**TASK PROMPT**
Print out the full material below, exact in every line, with no images included.

**DATA**
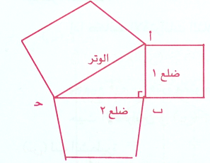 مساحة المربع المنشأ على وتر المثلث القائم الزاوية يكافئ مجموع مساحتي المربعين المنشأين على ضلعين الآخرين وبالرموز (أ جـ)2 = (أ ب)2 + (ب جـ)2
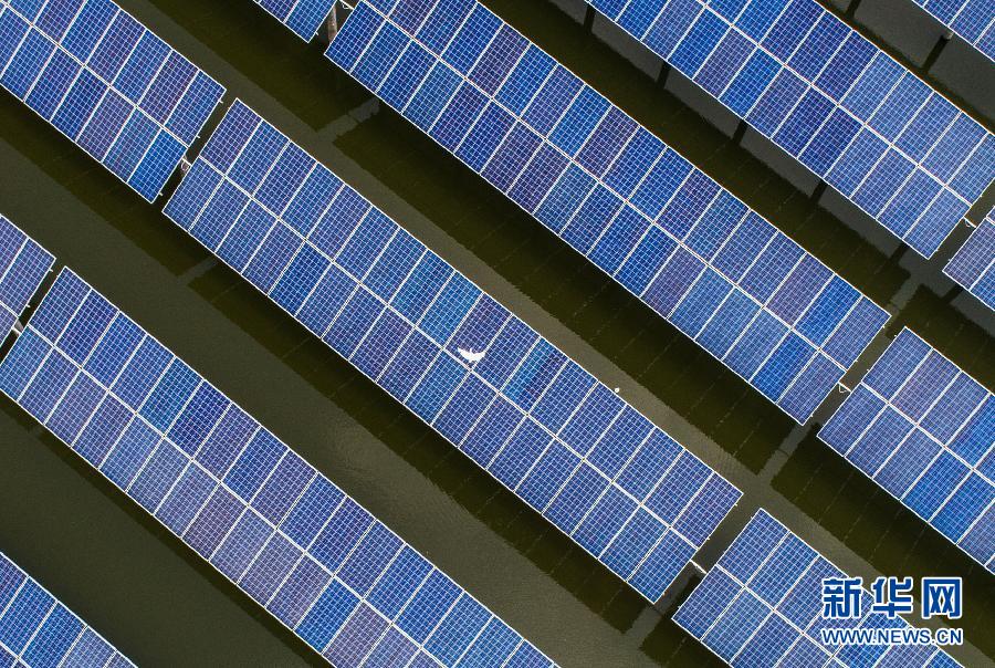 一只白鷺從光伏板上飛過(6月21日攝)。浙江省湖州市和孚鎮(zhèn)的“漁光互補(bǔ)”光伏發(fā)電項(xiàng)目建設(shè)在4200多畝魚塘上,40多萬塊太陽(yáng)能光伏板下養(yǎng)殖小龍蝦和青蝦等水產(chǎn),千畝魚塘與綠色光伏電站構(gòu)成一幅和諧的生態(tài)美景圖。 新華社記者 徐昱 攝
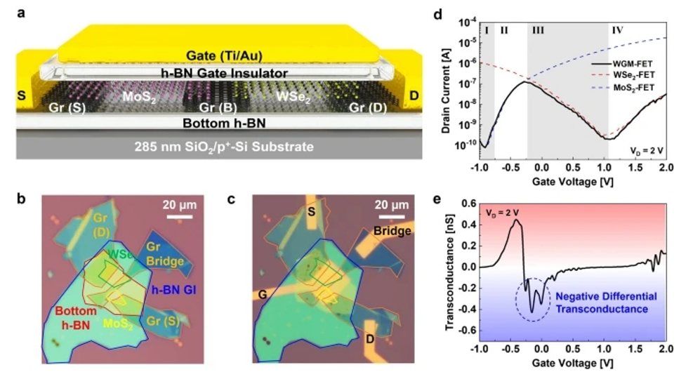 Fig 4. (a) 用于頻率三倍器電路應(yīng)用的WGM-FET的橫截面3D器件示意圖;(b)(c)圖案化前后WGM-FET的OM圖像;(d) MoS?-FET、WSe?-FET和WGM-FET的ID-VG傳輸特性曲線;(e)從(d)得到的WGM-FET的估計跨導(dǎo)。
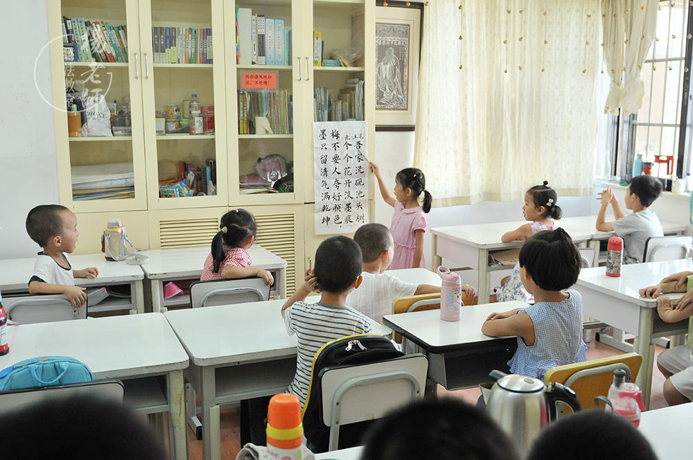 丫丫性格靦腆、內向,和幼兒園老師、小朋友的交流都很少。導致她不愛上幼兒園,每天早上都不太高興,到了大班還時常掉眼淚。而到書法教室后,這里的老師們耐心引導她,鍛煉她當司儀、大聲讀經、整隊等。還建議我們多放手,不要事事照顧得太周到,孩子自己會的事情多了,信心增長,就會變得活潑勇敢。
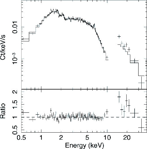 spectrum below 10 keV is strongly absorbed by partially ionized
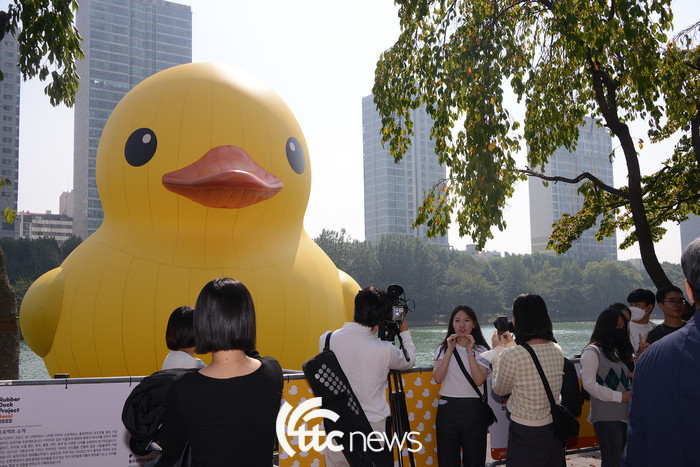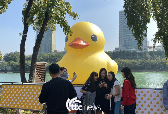 인근의 직장에 근무하는 김솔(27, 성북구)는 “점심 식사후 직장 언니와 산보 나왔는데 노란 고무 오리가 석촌호수에 나타나 반갑게 사진을 찍었다”면서, “어린시절 욕조에서 가지고 놀단 그 오리같아 반갑다”며 활짝 웃었다.
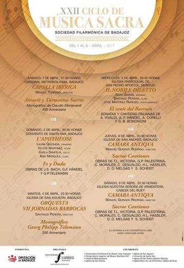 La XXII edición del ciclo de Música Sacra, que copatrocinan el Área de Cultura de la Diputación Provincial y la Sociedad Filarmónica de Badajoz, trae hasta Montijo uno de los conciertos que conforman este ciclo de conciertos.
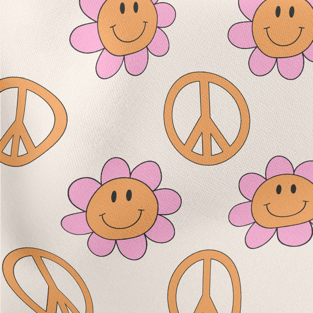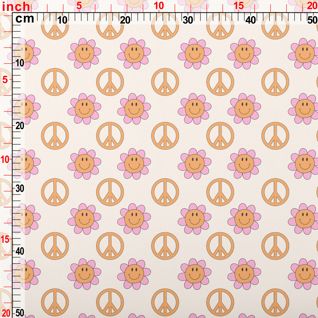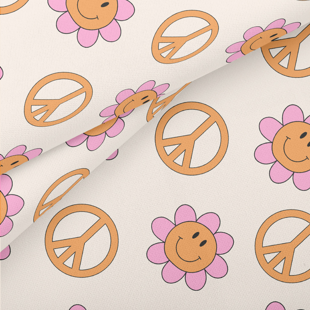 粉色花朵和和平符號薄棉布(幅寬150公分)
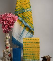 Yellow bagru hand block printed linen suits with zari border unstitched
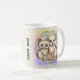 Cat Loves Dog tasse par ArtMuvz Illustration. assortis cadeaux de chat, t-shirts, sacs fourre-tout, vêtements mariages. Les chats sont amusants, et le cadeau parfait pour n'importe quelle occasion et sont sûrs d'apporter un sourire au visage de n'importe qui. Que vous cherchiez un cadeau pour un enfant, un adulte ou un collectionneur, un cadeau de chat est le choix idéal. POUR PERSONNALISER ajoutez votre nom ou ajoutez du texte à la place. Customisez cette tasse de chat aime le chien pour en faire la vôtre ou offrir en cadeau personnalisé
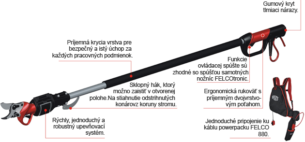 Nový predlžujúci nástavec FELCO 880/100 je kompatibilný so všetkými tromi modelmi elektrických nožníc FELCO - FELCO 802, FELCO 812 a FELCO 822 (aj s modelmi 801, 811, 820). Nevyhnutné príslušenstvo pre prácu v sadoch, v teréne, v parkoch, záhradách a záhradných centrách. Príjemná krycia vrstva pre bezpečný a istý úchop za každých pracovných podmienok. Sklopný hák, ktorý možno zaistiť v otvorenej polohe slúži k stiahnutiu odstrihnutých konárov z koruny stromu. Jednoduché pripojenie ku káblu Powerpacku FELCO 880. Rýchly, jednoduchý a robustný upevňovací systém pre uchytenie nožníc. Funkcia ovládacej spúšte je zhodná so spúšťou Rýchle a jednoduché upevnenie samotných nožníc FELCOtronic.
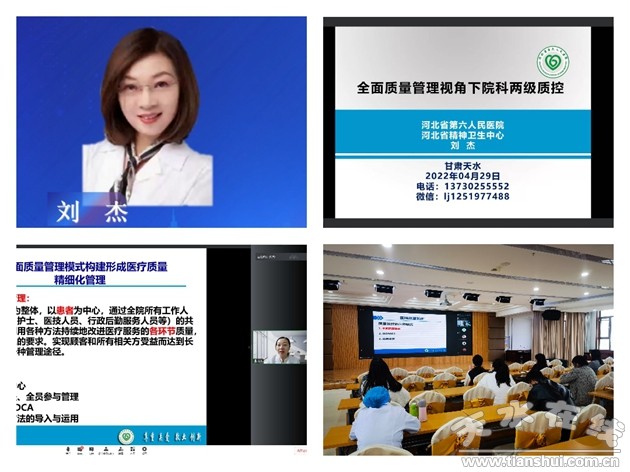 云端會(huì)議聚群力,學(xué)術(shù)交流暢未來。4月29日,由甘肅省護(hù)理學(xué)會(huì)精神科護(hù)理專業(yè)委員會(huì)、天水市第三人民醫(yī)院主辦的精神科護(hù)理專業(yè)委員會(huì)學(xué)術(shù)年會(huì)暨“精神科護(hù)理管理與創(chuàng)新”學(xué)習(xí)班在天水市三院成功舉辦。國家衛(wèi)健委醫(yī)院管理研究所醫(yī)院評(píng)審專家、中華護(hù)理學(xué)會(huì)精神衛(wèi)生專業(yè)委員會(huì)主任委員馬莉,甘肅省護(hù)理學(xué)會(huì)理事長、護(hù)理質(zhì)控中心主任韓琳及市三院院黨委書記丁志杰、院長李剛、副院長王剛平、院長助理李晶文共同參加了開幕儀式。本次學(xué)術(shù)會(huì)議采取線上、線下相結(jié)合的培訓(xùn)交流形式,來自甘肅省及周邊省份的近600余名護(hù)理管理者及護(hù)理骨干在線上參會(huì)。
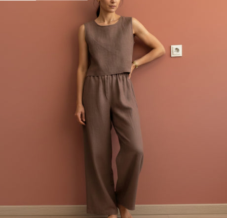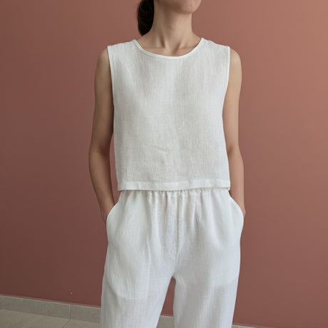 598.00TLUnit price /UnavailableLinen Sleeveless Cropped Basic Top for Women: Minimalist Handmade Blouse

**SOLVED EXERCISE**
 مساحة المربع المنشأ على وتر المثلث القائم الزاوية يكافئ مجموع مساحتي المربعين المنشأين على ضلعين الآخرين وبالرموز (أ جـ)2 = (أ ب)2 + (ب جـ)2
 一只白鷺從光伏板上飛過(6月21日攝)。浙江省湖州市和孚鎮(zhèn)的“漁光互補(bǔ)”光伏發(fā)電項(xiàng)目建設(shè)在4200多畝魚塘上,40多萬塊太陽(yáng)能光伏板下養(yǎng)殖小龍蝦和青蝦等水產(chǎn),千畝魚塘與綠色光伏電站構(gòu)成一幅和諧的生態(tài)美景圖。 新華社記者 徐昱 攝
 Fig 4. (a) 用于頻率三倍器電路應(yīng)用的WGM-FET的橫截面3D器件示意圖;(b)(c)圖案化前后WGM-FET的OM圖像;(d) MoS?-FET、WSe?-FET和WGM-FET的ID-VG傳輸特性曲線;(e)從(d)得到的WGM-FET的估計跨導(dǎo)。
 丫丫性格靦腆、內向,和幼兒園老師、小朋友的交流都很少。導致她不愛上幼兒園,每天早上都不太高興,到了大班還時常掉眼淚。而到書法教室后,這里的老師們耐心引導她,鍛煉她當司儀、大聲讀經、整隊等。還建議我們多放手,不要事事照顧得太周到,孩子自己會的事情多了,信心增長,就會變得活潑勇敢。
 spectrum below 10 keV is strongly absorbed by partially ionized
 인근의 직장에 근무하는 김솔(27, 성북구)는 “점심 식사후 직장 언니와 산보 나왔는데 노란 고무 오리가 석촌호수에 나타나 반갑게 사진을 찍었다”면서, “어린시절 욕조에서 가지고 놀단 그 오리같아 반갑다”며 활짝 웃었다.
 La XXII edición del ciclo de Música Sacra, que copatrocinan el Área de Cultura de la Diputación Provincial y la Sociedad Filarmónica de Badajoz, trae hasta Montijo uno de los conciertos que conforman este ciclo de conciertos.
 粉色花朵和和平符號薄棉布(幅寬150公分)
 Yellow bagru hand block printed linen suits with zari border unstitched
 Cat Loves Dog tasse par ArtMuvz Illustration. assortis cadeaux de chat, t-shirts, sacs fourre-tout, vêtements mariages. Les chats sont amusants, et le cadeau parfait pour n'importe quelle occasion et sont sûrs d'apporter un sourire au visage de n'importe qui. Que vous cherchiez un cadeau pour un enfant, un adulte ou un collectionneur, un cadeau de chat est le choix idéal. POUR PERSONNALISER ajoutez votre nom ou ajoutez du texte à la place. Customisez cette tasse de chat aime le chien pour en faire la vôtre ou offrir en cadeau personnalisé
 Nový predlžujúci nástavec FELCO 880/100 je kompatibilný so všetkými tromi modelmi elektrických nožníc FELCO - FELCO 802, FELCO 812 a FELCO 822 (aj s modelmi 801, 811, 820). Nevyhnutné príslušenstvo pre prácu v sadoch, v teréne, v parkoch, záhradách a záhradných centrách. Príjemná krycia vrstva pre bezpečný a istý úchop za každých pracovných podmienok. Sklopný hák, ktorý možno zaistiť v otvorenej polohe slúži k stiahnutiu odstrihnutých konárov z koruny stromu. Jednoduché pripojenie ku káblu Powerpacku FELCO 880. Rýchly, jednoduchý a robustný upevňovací systém pre uchytenie nožníc. Funkcia ovládacej spúšte je zhodná so spúšťou Rýchle a jednoduché upevnenie samotných nožníc FELCOtronic.
 云端會(huì)議聚群力,學(xué)術(shù)交流暢未來。4月29日,由甘肅省護(hù)理學(xué)會(huì)精神科護(hù)理專業(yè)委員會(huì)、天水市第三人民醫(yī)院主辦的精神科護(hù)理專業(yè)委員會(huì)學(xué)術(shù)年會(huì)暨“精神科護(hù)理管理與創(chuàng)新”學(xué)習(xí)班在天水市三院成功舉辦。國家衛(wèi)健委醫(yī)院管理研究所醫(yī)院評(píng)審專家、中華護(hù)理學(xué)會(huì)精神衛(wèi)生專業(yè)委員會(huì)主任委員馬莉,甘肅省護(hù)理學(xué)會(huì)理事長、護(hù)理質(zhì)控中心主任韓琳及市三院院黨委書記丁志杰、院長李剛、副院長王剛平、院長助理李晶文共同參加了開幕儀式。本次學(xué)術(shù)會(huì)議采取線上、線下相結(jié)合的培訓(xùn)交流形式,來自甘肅省及周邊省份的近600余名護(hù)理管理者及護(hù)理骨干在線上參會(huì)。
 598.00TLUnit price /UnavailableLinen Sleeveless Cropped Basic Top for Women: Minimalist Handmade Blouse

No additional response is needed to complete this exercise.